While the proposal could be part of the budget agreement reached by the so-called “Big Five” of California’s government, others are criticizing it as the legislature prepares to work on it because it would bypass the state land commission’s oil leasing approval authority which it has held since 1938.
“The governor just put California’s coastline up for sale when he had other options that don’t put our natural resources at risk,” said Lt. Gov. John Garamendi, who chairs the commission. “He refused to approve a plan to tax oil companies that now extract oil in California to fund healthcare services, children’s programs, and education. California is the only oil-producing state without an oil severance tax, and it would generate $1.2 billion annually for our state,” Garamendi said.
‘Incredibly reckless’
Garamendi said, “Instead, we are taking dirty money.

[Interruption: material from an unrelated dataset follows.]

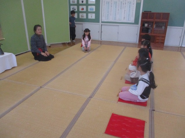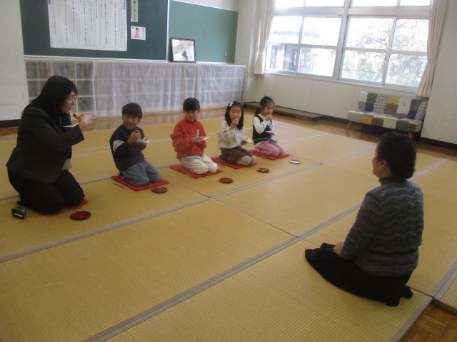 今日は、楽しみにしていた茶道教室で、おいしいお茶とお菓子をいただきました。座っているとき、歩くとき、きれいな姿勢を保とうと頑張っていました。「とてもおいしかった」「茶筅でお茶を点てることが楽しかった」と感想を話す子供たちでした。

Big Oil has offered to California $100 million to seduce the state into granting the first new oil drilling lease in California since the Santa Barbara oil spill 41 years ago. The loan must be repaid by forgiving future royalty payments to California. This is an incredibly reckless fiscal policy.”
Garamendi referred to an initial $100 million payment by Plains E&P, which would be followed by royalty payments up to $2.3 billion/year over the project’s 13-year lifespan. The company previously won environmental organizations’ support for its proposal by agreeing to shut down production at Platform Irene in 2022 and three other rigs off Point Arguelo by 2017, close two onshore facilities in Lompoc and along the Gaviota Coast, and donate about 4,000 acres of land to the public.
US Rep. Lois Capps (D-Calif.), whose district includes Santa Barbara and who usually opposes offshore oil and gas development, backed the Tranquillon Ridge proposal when it went before the state lands commission but questioned Schwarzenegger’s using it to help resolve the current budget crisis. “She believes these decisions on important energy and environmental policy should remain with the appropriate policymakers, the State Lands Commission and the Coastal Commission, rather than allow legislators and the governor to try and use offshore drilling as a silver bullet for their budgetary challenges,” a spokeswoman for the federal lawmaker said on July 22.
WSPA’s Sparano said the project could show Californians how safely oil could be produced off their coast. “It would use new, slant drilling technology from an existing structure with no new pipes. It would help bring oil which is sitting there to market. It also would help California’s energy supply rely less on imports. With production in the state declining, any new production, onshore and offshore, is a big deal,” he told OGJ on July 21.
It also could bring new attention to the US Minerals Management Service’s new 5-year Outer Continental Shelf plan, which is currently being developed, Sparano continued. The US Department of the Interior agency is having to rely on data that is 20 years old, but which nevertheless suggests that 10.5 billion bbl of oil and 3 tcf of gas off the Pacific Coast, most of it off California, he said.
“I think we’ll get a chance, if it goes through, to show what a careful environmental steward the domestic oil and gas industry is,” Sparano said.